WORK INSTRUCTIONS:
Provide only the number of lines in the data below that contain the word "para".
-- MATERIAL PROVIDED follows --
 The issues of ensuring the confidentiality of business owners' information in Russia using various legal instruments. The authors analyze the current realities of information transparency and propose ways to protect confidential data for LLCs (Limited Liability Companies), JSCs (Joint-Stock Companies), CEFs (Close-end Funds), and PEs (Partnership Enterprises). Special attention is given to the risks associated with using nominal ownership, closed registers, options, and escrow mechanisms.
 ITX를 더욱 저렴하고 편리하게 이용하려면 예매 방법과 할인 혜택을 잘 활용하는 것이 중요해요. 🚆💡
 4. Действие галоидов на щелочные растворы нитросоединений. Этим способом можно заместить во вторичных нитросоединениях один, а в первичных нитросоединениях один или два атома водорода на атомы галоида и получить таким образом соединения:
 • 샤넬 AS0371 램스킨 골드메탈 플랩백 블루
-- MATERIAL PROVIDED concluded --
-- MATERIAL PROVIDED follows --
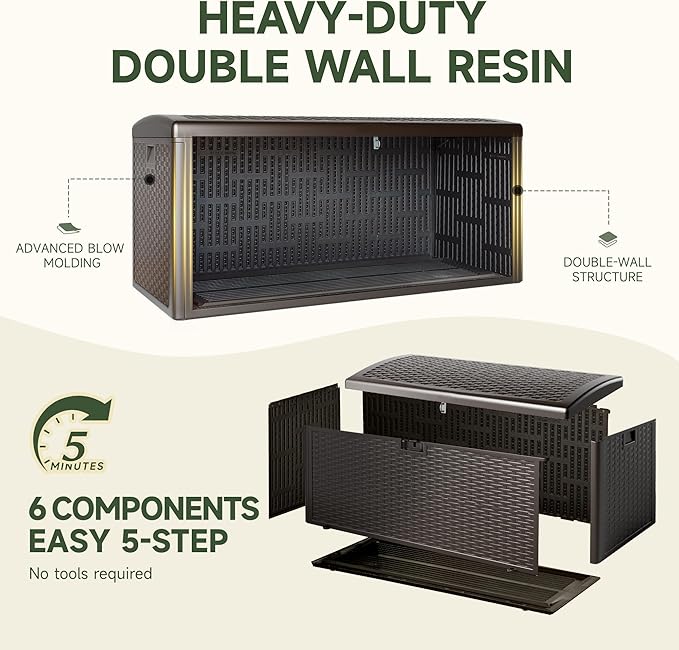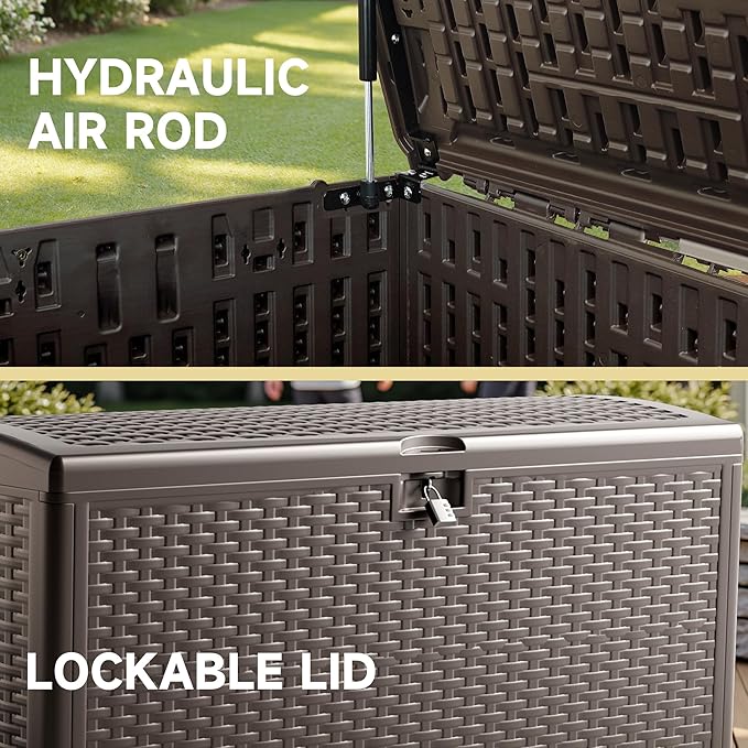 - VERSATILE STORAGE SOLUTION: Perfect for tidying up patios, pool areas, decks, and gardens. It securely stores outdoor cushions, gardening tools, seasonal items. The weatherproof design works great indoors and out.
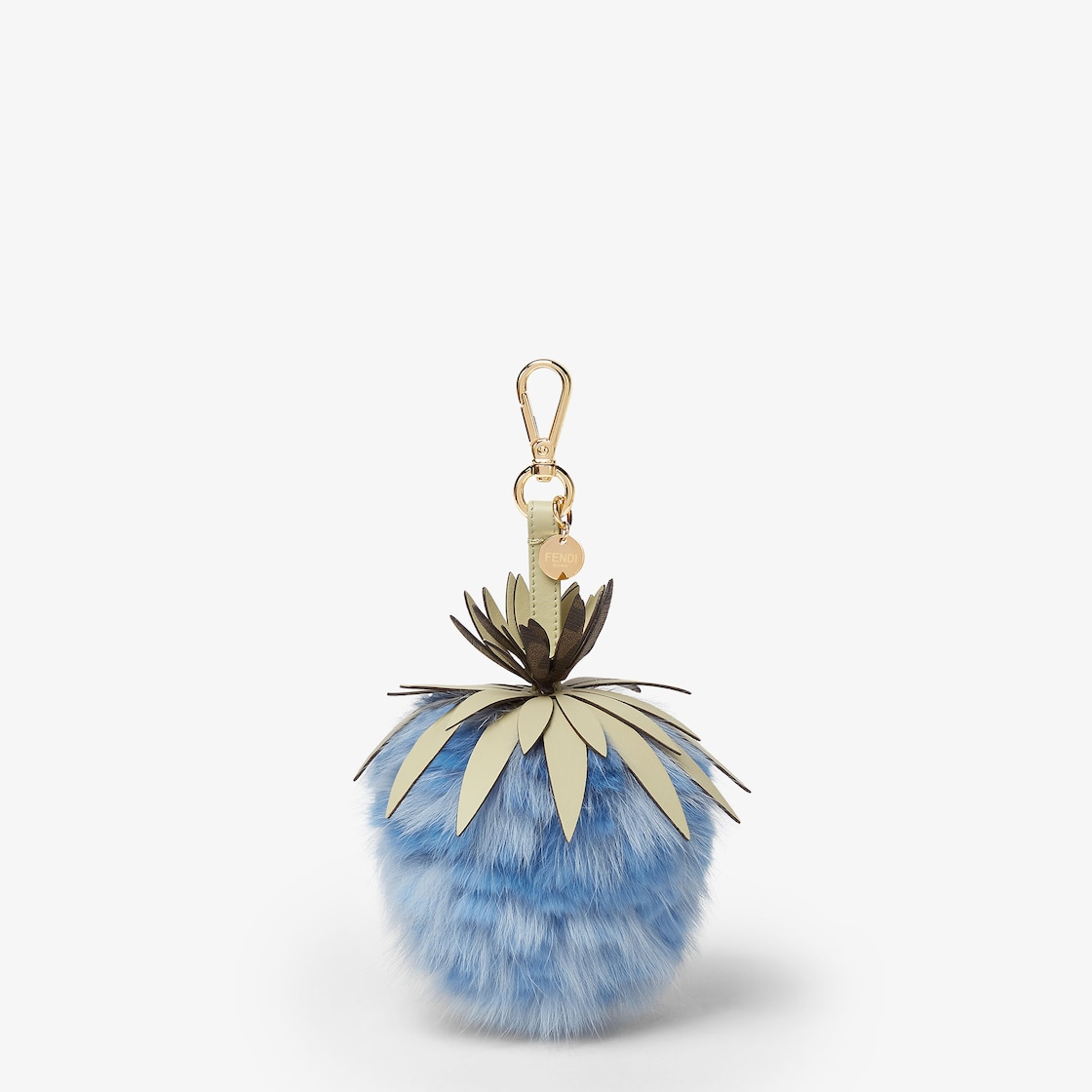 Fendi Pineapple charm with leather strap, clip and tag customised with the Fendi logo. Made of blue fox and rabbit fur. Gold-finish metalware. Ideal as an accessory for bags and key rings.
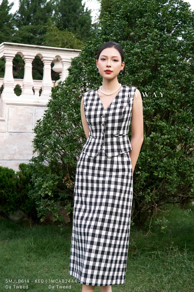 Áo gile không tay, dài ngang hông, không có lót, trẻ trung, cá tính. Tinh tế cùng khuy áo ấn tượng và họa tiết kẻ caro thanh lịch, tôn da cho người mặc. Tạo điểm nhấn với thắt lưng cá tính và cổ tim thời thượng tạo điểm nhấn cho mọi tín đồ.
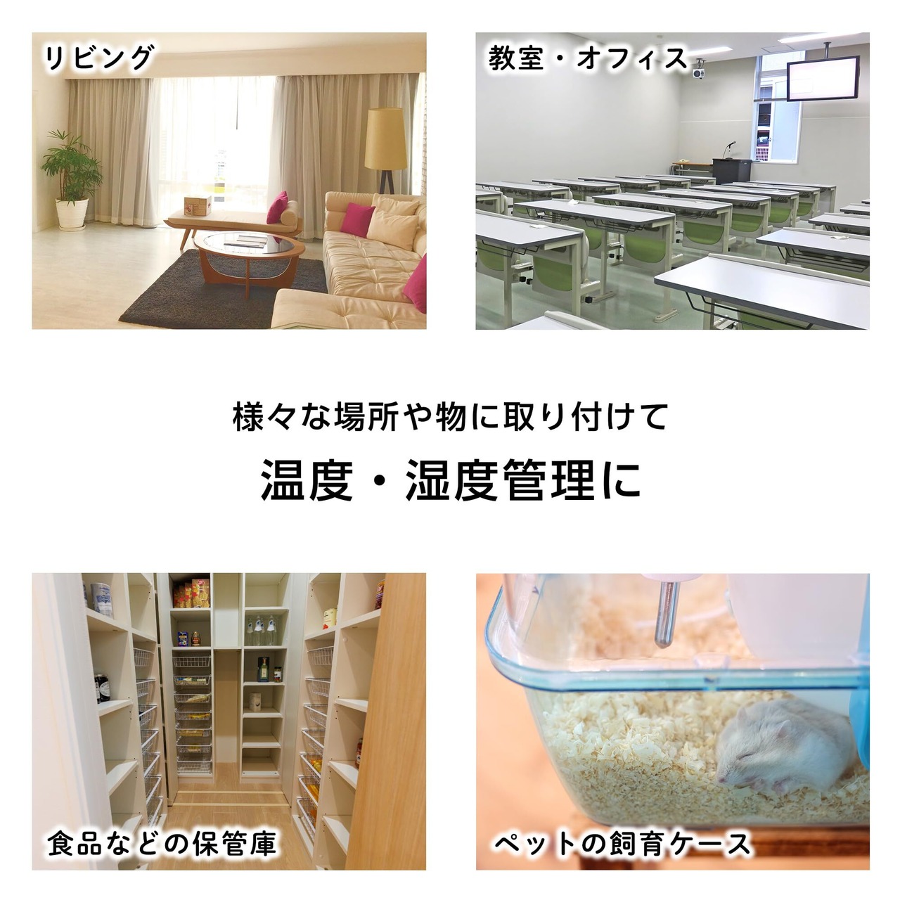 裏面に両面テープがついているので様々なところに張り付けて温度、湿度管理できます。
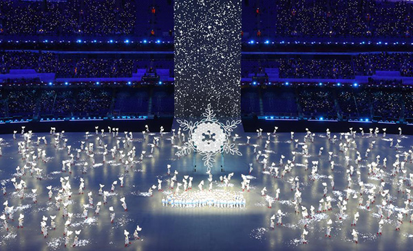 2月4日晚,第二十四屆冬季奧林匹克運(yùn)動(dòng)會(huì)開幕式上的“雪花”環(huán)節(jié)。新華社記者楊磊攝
-- MATERIAL PROVIDED concluded --
-- MATERIAL PROVIDED follows --
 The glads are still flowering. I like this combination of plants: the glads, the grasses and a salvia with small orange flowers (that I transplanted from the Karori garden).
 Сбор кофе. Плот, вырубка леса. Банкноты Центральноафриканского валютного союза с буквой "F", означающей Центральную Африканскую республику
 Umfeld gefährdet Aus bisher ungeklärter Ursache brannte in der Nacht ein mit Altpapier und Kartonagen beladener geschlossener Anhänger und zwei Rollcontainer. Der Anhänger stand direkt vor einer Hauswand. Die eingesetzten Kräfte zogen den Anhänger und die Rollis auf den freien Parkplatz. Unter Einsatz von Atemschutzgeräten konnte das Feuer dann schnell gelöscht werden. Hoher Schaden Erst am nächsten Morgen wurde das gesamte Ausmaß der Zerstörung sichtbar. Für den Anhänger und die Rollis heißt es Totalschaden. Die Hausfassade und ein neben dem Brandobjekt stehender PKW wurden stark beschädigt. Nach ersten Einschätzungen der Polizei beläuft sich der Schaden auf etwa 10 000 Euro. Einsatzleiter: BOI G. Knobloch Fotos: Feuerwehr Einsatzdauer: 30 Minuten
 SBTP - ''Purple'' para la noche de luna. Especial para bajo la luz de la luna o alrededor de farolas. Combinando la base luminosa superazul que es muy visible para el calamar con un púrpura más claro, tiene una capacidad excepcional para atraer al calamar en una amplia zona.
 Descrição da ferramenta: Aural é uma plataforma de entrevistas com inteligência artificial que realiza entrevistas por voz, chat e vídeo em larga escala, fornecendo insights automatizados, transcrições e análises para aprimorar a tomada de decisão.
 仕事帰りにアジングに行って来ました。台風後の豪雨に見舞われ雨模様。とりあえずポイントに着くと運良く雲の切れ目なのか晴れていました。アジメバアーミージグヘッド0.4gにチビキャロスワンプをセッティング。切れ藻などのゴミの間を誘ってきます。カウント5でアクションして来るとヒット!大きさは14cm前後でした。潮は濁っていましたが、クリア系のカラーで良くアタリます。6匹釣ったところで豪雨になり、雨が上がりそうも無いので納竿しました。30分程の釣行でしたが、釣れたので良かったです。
-- MATERIAL PROVIDED concluded --
SOLVED PROBLEM:
2